When I met NYI, LuaJIT also had the ability to stitch. For example, FUNCC supports stich, so FUNCC will be recorded as two traces. This will eventually be the result. JIT executes the machine code of trace1 => interprets and executes FUNCC => JIT executes the machine code of trace2. Gluing two traces together is the effect of stitch.

generate

After having information such as IR code, you can optimize and generate machine code for it.

There are two steps here:

Optimization for IR code
LuaJIT's IR code is also static single assignment form (SSA), a common optimizer intermediate representation code. Many optimization algorithms can be applied to optimize, such as common dead code elimination, loop variable mentioning and so on.
Generate machine instructions from IR code
There are two main tasks in this part: register allocation, which is translated into machine instructions according to IR operations, for example, IR ADD is translated into machine ADD instructions.

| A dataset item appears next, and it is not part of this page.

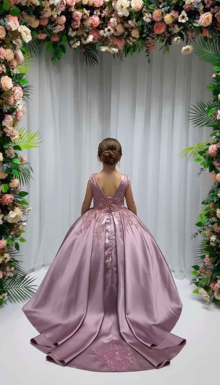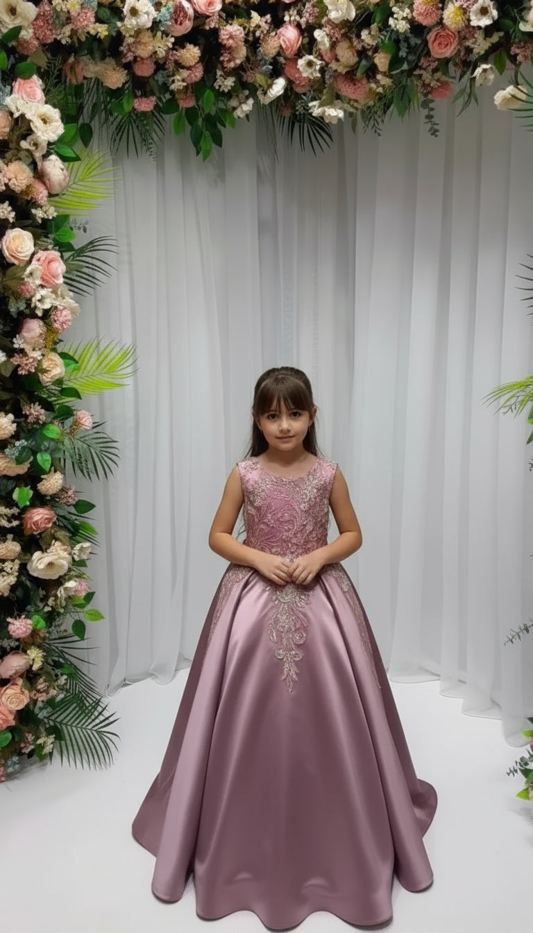 This stunning gown is crafted from luxurious, high-quality satin for a smooth, elegant finish that shines with every step. Designed with an inner hoop skirt (ring) to create a beautifully full, puffed-out silhouette, it offers a classic princess look with modern grace.

For the guard in the IR, an if...jump logic instruction will be generated, and the stub instruction after the jump will complete the exit from a snapshot.

Here we can understand why the machine code generated by JIT can be more efficient:

According to the execution flow assumption during recording, CPU branch prediction friendly instructions can be generated. Ideally, the CPU is equivalent to sequential execution of instructions
Optimized for SSA IR code
Use registers more efficiently (there is no interpreter's own state recording burden at this time, and there are more registers that can be used)

carried out

After the machine instruction is generated, the bytecode that will be modified, for example, FUNCF will be changed to JFUNCF traceno .
The next time the interpreter executes JFUNCF , it will jump to traceno , and complete the switch from interpretation mode to JIT mode, which is also the main way to enter JIT instruction execution.

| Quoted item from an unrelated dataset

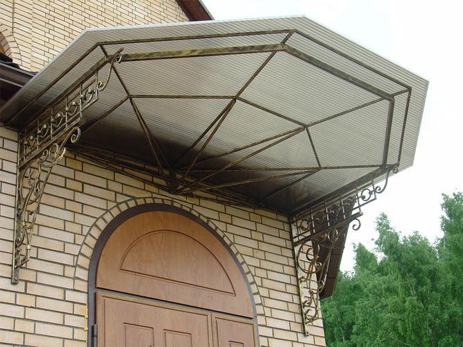Une large sélection de matériaux vous permet de créer une visière au-dessus du porche de toute forme et taille, mais emportée par le composant décoratif, n'oubliez pas les fonctions de base de la verrière. Il est possible d'entreprendre une production indépendante si vous avez entièrement confiance en vos capacités, sinon le processus risque de se transformer en argent et en temps gaspillés.

There are two ways to exit trace:
1 Exit after normal execution, and then resume to explain mode to continue execution
2 If the guard in the trace fails, it will exit halfway through the trace. At this time, the context will be restored according to the corresponding snapshot, and then the execution

In addition, in the case of exiting from the trace, the number of exits will also be counted.
If the number of exits of a snapshot reaches the threshold of hotside, a sidetrace will be generated from this snapshot.
The next time you exit from this snapshot, you will directly jump to this side trace.

In this way, for the hot code with branches, it will also have the effect of full JIT coverage, but it is not full coverage at the beginning, but step by step as needed.

At last

As a small embedded language, Lua itself is relatively exquisite and lightweight, and the implementation of LuaJIT also inherits these characteristics.
In a single-threaded environment, the JIT compiler occupies the time of the current workflow, and the efficiency of the JIT compiler itself is also very important.
It is unacceptable for the JIT compiler to block the workflow for a long time, and balance here is also very important.

In comparison, Java's JIT compiler is completed by a separate JIT compilation thread, which can do more in-depth optimization. Java's c2 JIT compiler applies relatively heavy optimization.

JIT is a great technology, and it is also very confusing to understand the basic process/principle of its operation.

I heard that the v8 engine of JS, and the process of deoptimization, this is quite curious, I can learn when I have time.